Dedicated faceted search engine for dealing with d

2019-03-09 18:46发布

问题:

I've been thinking for a while about modeling typical ecommerce site with ebay-like taxonomy and attributes dependent on a particular product category.

First attempt was choosing between EAV and Table Per Class db inheritance modeling. I've chosen the latter because of the performance, but what it meant was creating dedicated table for each specific (leaf in the category tree) product category with specific category attributes (like resolution for TVs) modeled as a separate column.

While performant this setup is not flexible if you need adding attributes to the existing categories or adding new categories. For each such change following is needed:

  • Alter/create table
  • New form for filtering withing such category by specific attributes
  • New code for generating db queries for searching and filtering
  • Some new viewmodels/DTOs and views for presenting products from new categories

To cope with that complexity I think some kind of meta representation of those attributes is needed (even outside of the application) in xml or even excel file, so that on each change all mentioned code could be auto-generated (sql/orm queries, application code, templates). So it can help with development, but still testing and extra deployment is needed.

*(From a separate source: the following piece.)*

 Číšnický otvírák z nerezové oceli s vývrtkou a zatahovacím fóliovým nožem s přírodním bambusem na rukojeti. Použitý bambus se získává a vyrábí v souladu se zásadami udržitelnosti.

At that point I've learned that ebay doesn't really use relational db for search, and that their taxonomy is so flexible, that they can quite quickly add new leaf categories. Also their categories aren't probably categories from a hierarchical tree modeled in relational db, but just search attributes (facets).

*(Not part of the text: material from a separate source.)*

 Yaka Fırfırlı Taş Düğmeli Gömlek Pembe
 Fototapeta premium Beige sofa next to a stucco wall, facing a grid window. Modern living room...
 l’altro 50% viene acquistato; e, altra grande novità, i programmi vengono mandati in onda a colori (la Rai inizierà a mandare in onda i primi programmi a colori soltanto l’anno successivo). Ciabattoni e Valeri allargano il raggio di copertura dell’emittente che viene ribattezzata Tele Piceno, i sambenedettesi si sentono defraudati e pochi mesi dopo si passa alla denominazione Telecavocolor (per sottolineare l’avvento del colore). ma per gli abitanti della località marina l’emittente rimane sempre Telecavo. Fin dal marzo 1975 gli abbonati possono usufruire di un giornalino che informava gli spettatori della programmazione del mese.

After having a quick look into most promising dedicated faceted search setup (separate Solr instance) I'm not sure whether it could help me in being flexible to taxonomy changes since usually Solr just mirrors somehow relational DB, so specific category attributes would still have to be modelled in DB as DBMS metadata, so eg. dynamic generating UI forms for filtering attributes would be hard unless:

1) I would keep the data in RDBMS using EAV fasion and overcome its performance problems with using SOLR search (but there still would be problems with EAV messiness, no data integrity enforcement etc)

2) I would keep just the attributes dictionary (ie. just their names and types) in RDBMS and store the specific attribute values in SOLR using it as kind of non-relational data store apart from search facility. I'm not convinced to this solution either (even if it's possible) since application would be coupled to tight with solr (ie. product edition admin CRUD would interact with SOLR directly).

What are your thoughts? Do you think that for any kind of such (performant) taxonomy flexibility code generation is inevitable? How would you handle that? Maybe some separate data dictionary in EAV fashion in DB just for code generation purposes? I guess I could also use something like MongoDB, but the UI code generation (runtime or not) would still need some kind of metadata.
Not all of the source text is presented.